El ácido salicílico es uno de los ingredientes de skincare más estudiados cuando el objetivo es mejorar la apariencia de los poros visibles. Este beta-hidroxiácido puede penetrar en el interior del folículo y ayudar a eliminar el exceso de sebo y las células muertas que contribuyen a que los poros parezcan más grandes. No los “cierra”, porque los poros no funcionan como pequeñas compuertas que puedan abrirse o cerrarse, pero sí puede hacer que se vean menos notorios cuando existe congestión.
Por qué los poros pueden verse más grandes
El tamaño de los poros está determinado en buena medida por factores genéticos, pero hay circunstancias que pueden hacerlos más visibles. El exceso de sebo, la acumulación de células muertas y los puntos negros pueden hacer que la abertura folicular resulte más evidente.
La exposición solar también influye. El daño acumulado por radiación ultravioleta puede reducir la elasticidad de la piel y favorecer que la textura se perciba menos uniforme. Por eso, intentar mejorar la apariencia de los poros no debería reducirse a utilizar un solo activo: la protección solar forma parte de la estrategia.
Cómo funciona el ácido salicílico
A diferencia de los exfoliantes que actúan principalmente sobre la superficie, el ácido salicílico es liposoluble, una característica que le permite mezclarse con los aceites presentes en el folículo. Esto lo convierte en una opción especialmente interesante para pieles grasas o con tendencia a puntos negros.
Al favorecer la eliminación de células acumuladas y ayudar a mantener los folículos menos congestionados, puede mejorar progresivamente la textura y hacer que los poros sean menos perceptibles.
La concentración también importa. En productos cosméticos de uso doméstico suele encontrarse en porcentajes relativamente bajos, suficientes para proporcionar exfoliación sin recurrir a las concentraciones utilizadas en procedimientos profesionales.
No necesitas usarlo todos los días
Más ácido no significa mejores resultados. Utilizar ácido salicílico con demasiada frecuencia puede provocar sequedad, irritación, tirantez o descamación, especialmente en pieles sensibles o cuando se combina con otros activos exfoliantes.
Una rutina sencilla puede comenzar con un producto formulado con ácido salicílico pocas veces por semana y aumentar la frecuencia únicamente si la piel lo tolera. La textura del producto también influye: limpiadores, tónicos, sérums y tratamientos localizados ofrecen tiempos de contacto diferentes.
Si ya utilizas retinoides, alfa-hidroxiácidos, peróxido de benzoilo u otros productos potencialmente irritantes, conviene evitar acumular demasiados activos exfoliantes en una misma rutina.

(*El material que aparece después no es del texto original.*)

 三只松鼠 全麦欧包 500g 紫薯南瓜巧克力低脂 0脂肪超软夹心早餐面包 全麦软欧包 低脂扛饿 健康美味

¿Qué pasa con la niacinamida?
La niacinamida también puede tener un lugar en una rutina enfocada en poros visibles, especialmente cuando existe exceso de grasa. Este ingrediente ayuda a mantener la función de la barrera cutánea y puede contribuir a regular la producción de sebo, por lo que resulta complementario al ácido salicílico.
No hace falta elegir entre ambos necesariamente. Una rutina puede incorporar diferentes ingredientes en momentos distintos, siempre que la piel los tolere y no se convierta en una sucesión de productos que termine provocando irritación.

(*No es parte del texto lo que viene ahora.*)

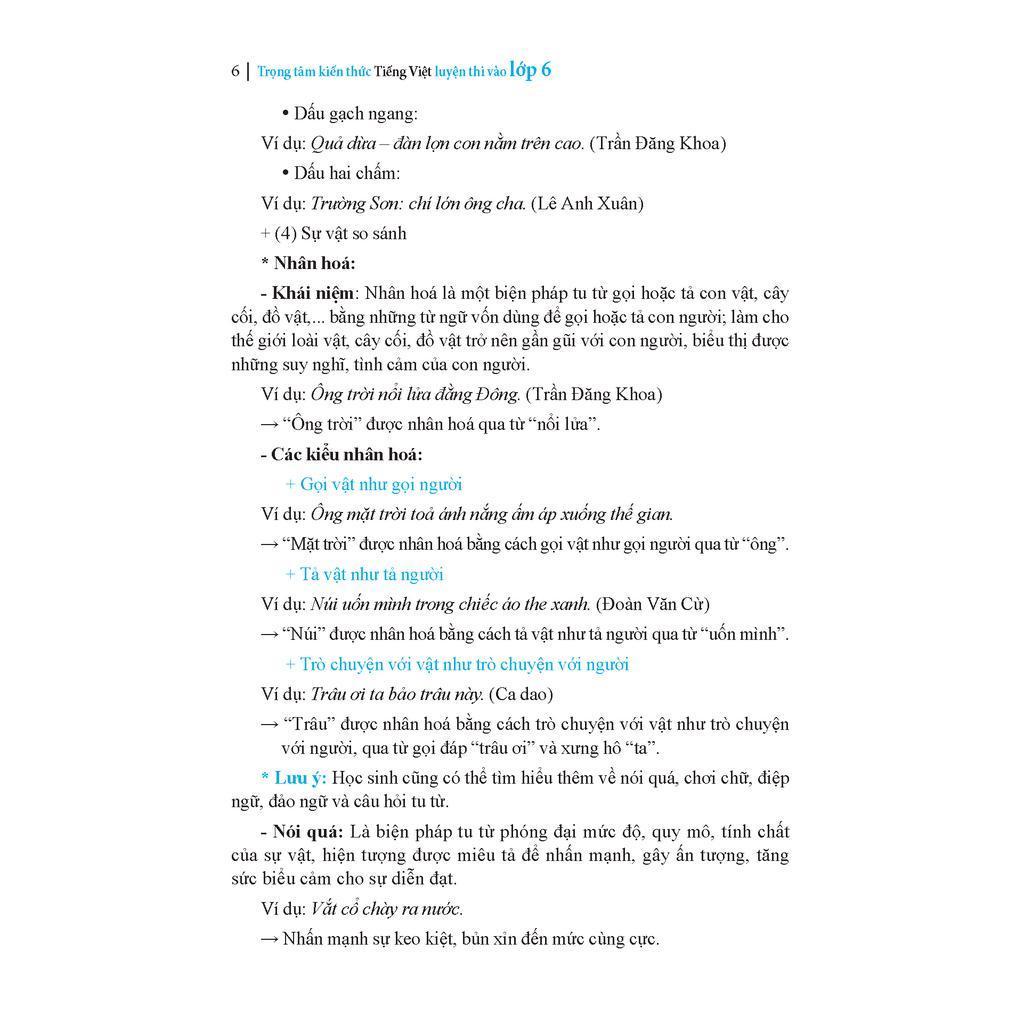 Trọng tâm kiến thức tiếng Việt luyện thi vào lớp 6

El protector solar sigue siendo indispensable
Si los poros se ven más notorios por cambios en la textura y pérdida de elasticidad, ningún exfoliante puede compensar por completo el daño causado por una exposición solar acumulada.
Utilizar protector solar de amplio espectro todos los días ayuda a prevenir el daño relacionado con la radiación ultravioleta y protege los avances conseguidos mediante el resto de la rutina. También evita caer en una de las expectativas más comunes del skincare: buscar un ingrediente capaz de solucionar por sí solo una característica que depende de varios factores.
Los poros forman parte de la estructura normal de la piel. El objetivo realista no es hacerlos desaparecer, sino mejorar la textura que los rodea y reducir los factores que hacen que se perciban más.